*** GIVEN ENTRIES ***

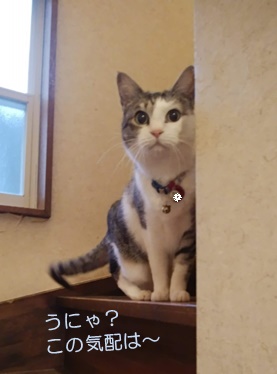 一日に2回というお宅が多いようですが、kumaru04家にゃんずの食事は、朝・昼・晩と、一日3回です。そして、食事の前に(今の時期だとまだ)白湯を飲んでいるので、取り替えています。すると~腹ペコミランがやってきます(・´艸`・)もちろん、あとのふたり、チャコととらぞーきゅんも続きます。ご覧ください、この見事な3にゃん飾りを(*≧ω≦)はい、今お持ちしますから、お部屋で待っててね~言うが早いか、一斉に2Fのにゃんルームへ一目散♪ということで、ほら、トラちゃん!腹ペコの娘たちが待ってるんですから、起きて!…タクシーねぇ、仕様のない子ねトラちゃんのいう、タクシーとは…お父さんのことです(-∀-`; )左手でトラちゃんを抱っこして、右手でご飯のお皿を載せたトレーを持って、にゃんルームへ、なんて、いくらにゃんずが可愛いからって、そうやって甘やかすから、ご飯=連れて行ってもらえる、って学習しちゃったんでしょ~!まったく、子供たちが真似したら困っちゃうわ…(*´-ω・)ン?ミッツ、すごくにゃいの(・∀・;)真似しちゃいやよー(ToT)
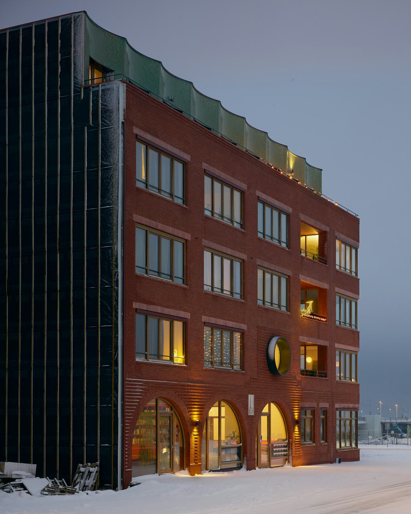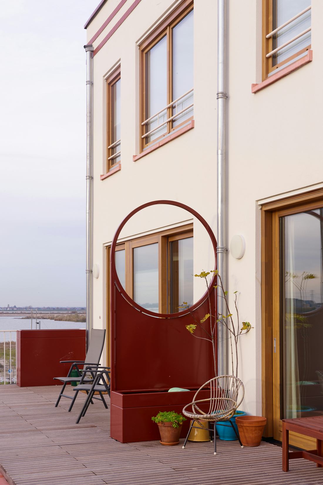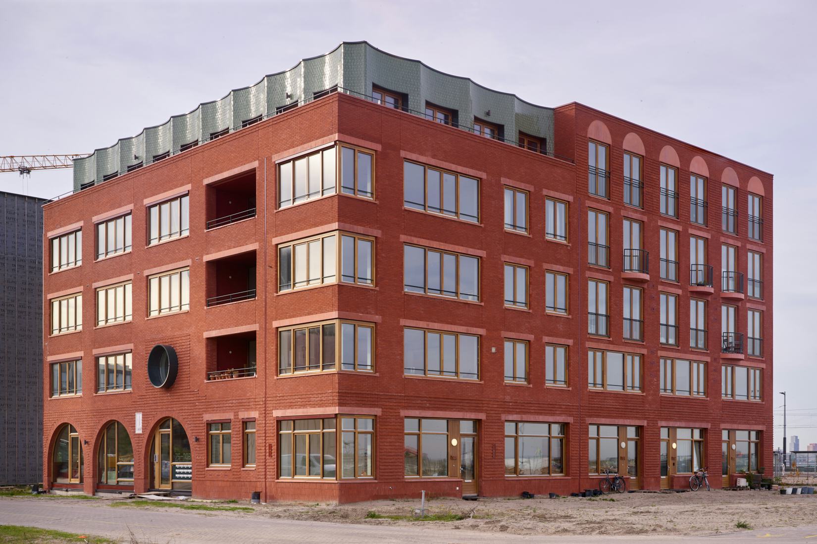 Het gebouw bevat achttien woningen van 60 tot 120 vierkante meter, een gemeenschappelijke ruimte op de begane grond met logeerkamer, een binnentuin met vijver en sauna, en een parkeergarage. De balkons zijn breed genoeg voor ontmoetingen; de cirkelvormige scheidingen tussen de woningen laten de grens tussen privé en gedeeld ruimtelijk open. Het gebouw is energieneutraal en regenbestendig. De gevel verwijst naar de Amsterdamse School met een opbouw uit plint, middenstuk en kroon, rode baksteen afgewisseld met betonnen elementen, en groen-geglazuurde tegels in de kroon. De kozijnen zijn van hout.
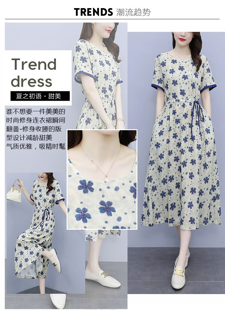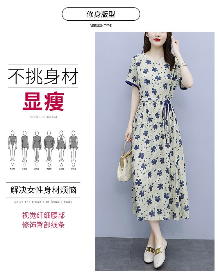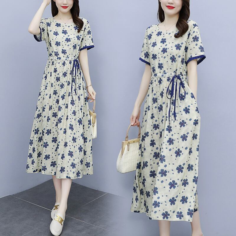 ドレス サマースタイルウェスト薄手フローラルスカート コットン 大きめサイズ 夏物 花柄 muto82445122847
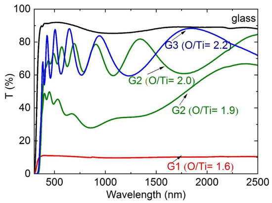 Spectral transmittance and ellipsometry measurements were performed to correlate the changes observed in the stoichiometry and crystallinity of the films with their optical properties. Figure 9 shows the transmittance spectra of the films deposited on glass substrates for samples of the three different groups. Only stoichiometric samples or samples with O/Ti ≥ 2 exhibit a high transmittance in the visible and near IR region, in agreement with the images of the samples depicted in Figure 2. The transmission spectrum of G1 (O/Ti = 1.6) consists of a straight line in the whole UV-Vis-NIR. It is therefore a broad band absorber, presumably based on different color centers from differently charged ions (Ti2+, Ti3+ (Ti+)) and maybe oxygen vacancies.
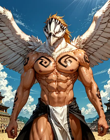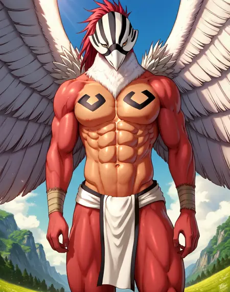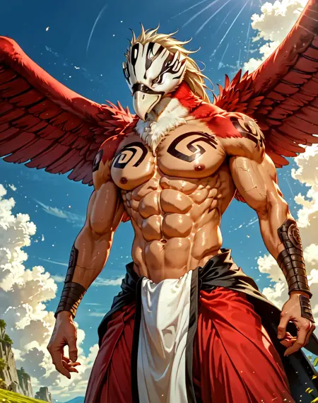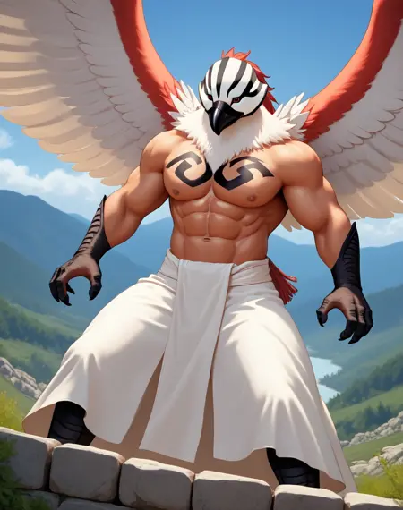 此LoRA的提示词为(Avrama Redder, Bleach_anime, 鹰, 肌肉发达)。添加额外的提示词如(红色身体, 棕色胸部和腹部, 白色头部, 白色喙, 白色腰布)有助于在某些检查点中更准确地呈现图像。
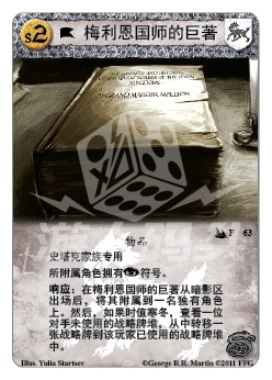 :在梅利恩国师的巨著从暗影区出场后,将其附属到一名独有角色上。然后,如果时值寒冬,查看一位对手未使用的战略牌堆,从中转移一张战略牌到该玩家已使用的战略牌堆中。

*** End of GIVEN ENTRIES ***

### WHAT NEEDS TO BE DONE
Leaving out every picture, repeat exactly the lines of the records from the start through the line that has "ドレス サマースタイルウェスト薄手フローラルスカート コットン".

### SOLUTION FOR THIS EXERCISE
 一日に2回というお宅が多いようですが、kumaru04家にゃんずの食事は、朝・昼・晩と、一日3回です。そして、食事の前に(今の時期だとまだ)白湯を飲んでいるので、取り替えています。すると~腹ペコミランがやってきます(・´艸`・)もちろん、あとのふたり、チャコととらぞーきゅんも続きます。ご覧ください、この見事な3にゃん飾りを(*≧ω≦)はい、今お持ちしますから、お部屋で待っててね~言うが早いか、一斉に2Fのにゃんルームへ一目散♪ということで、ほら、トラちゃん!腹ペコの娘たちが待ってるんですから、起きて!…タクシーねぇ、仕様のない子ねトラちゃんのいう、タクシーとは…お父さんのことです(-∀-`; )左手でトラちゃんを抱っこして、右手でご飯のお皿を載せたトレーを持って、にゃんルームへ、なんて、いくらにゃんずが可愛いからって、そうやって甘やかすから、ご飯=連れて行ってもらえる、って学習しちゃったんでしょ~!まったく、子供たちが真似したら困っちゃうわ…(*´-ω・)ン?ミッツ、すごくにゃいの(・∀・;)真似しちゃいやよー(ToT)
 Het gebouw bevat achttien woningen van 60 tot 120 vierkante meter, een gemeenschappelijke ruimte op de begane grond met logeerkamer, een binnentuin met vijver en sauna, en een parkeergarage. De balkons zijn breed genoeg voor ontmoetingen; de cirkelvormige scheidingen tussen de woningen laten de grens tussen privé en gedeeld ruimtelijk open. Het gebouw is energieneutraal en regenbestendig. De gevel verwijst naar de Amsterdamse School met een opbouw uit plint, middenstuk en kroon, rode baksteen afgewisseld met betonnen elementen, en groen-geglazuurde tegels in de kroon. De kozijnen zijn van hout.
 ドレス サマースタイルウェスト薄手フローラルスカート コットン 大きめサイズ 夏物 花柄 muto82445122847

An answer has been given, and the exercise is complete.